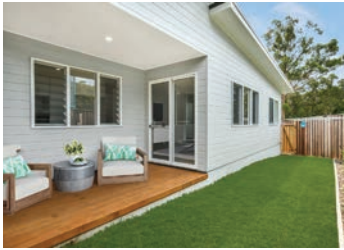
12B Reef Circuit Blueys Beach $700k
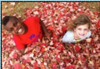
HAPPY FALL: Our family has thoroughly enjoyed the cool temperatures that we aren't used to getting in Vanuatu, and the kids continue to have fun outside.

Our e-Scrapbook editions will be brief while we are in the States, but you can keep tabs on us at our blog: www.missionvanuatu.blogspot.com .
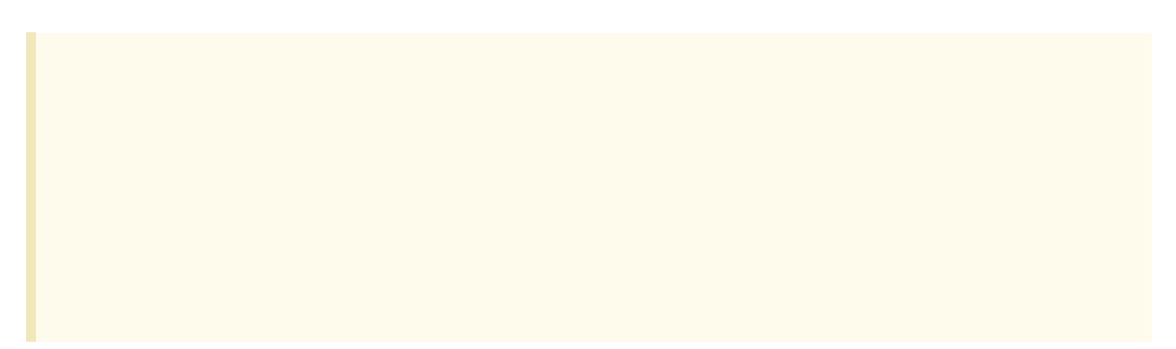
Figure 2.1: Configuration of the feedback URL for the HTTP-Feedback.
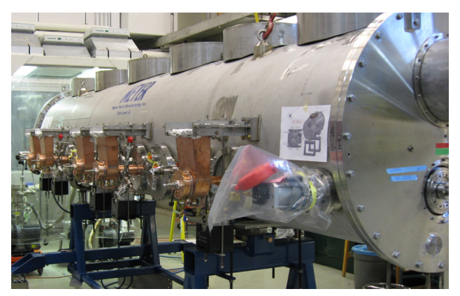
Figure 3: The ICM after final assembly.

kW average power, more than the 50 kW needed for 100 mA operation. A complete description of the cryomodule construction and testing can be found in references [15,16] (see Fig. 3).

* _Work order_:
Except for the pictures, give the data again word for word.

* _Task output_:
12B Reef Circuit Blueys Beach $700k
HAPPY FALL: Our family has thoroughly enjoyed the cool temperatures that we aren't used to getting in Vanuatu, and the kids continue to have fun outside.

Our e-Scrapbook editions will be brief while we are in the States, but you can keep tabs on us at our blog: www.missionvanuatu.blogspot.com .
Figure 2.1: Configuration of the feedback URL for the HTTP-Feedback.
Figure 3: The ICM after final assembly.

kW average power, more than the 50 kW needed for 100 mA operation. A complete description of the cryomodule construction and testing can be found in references [15,16] (see Fig. 3).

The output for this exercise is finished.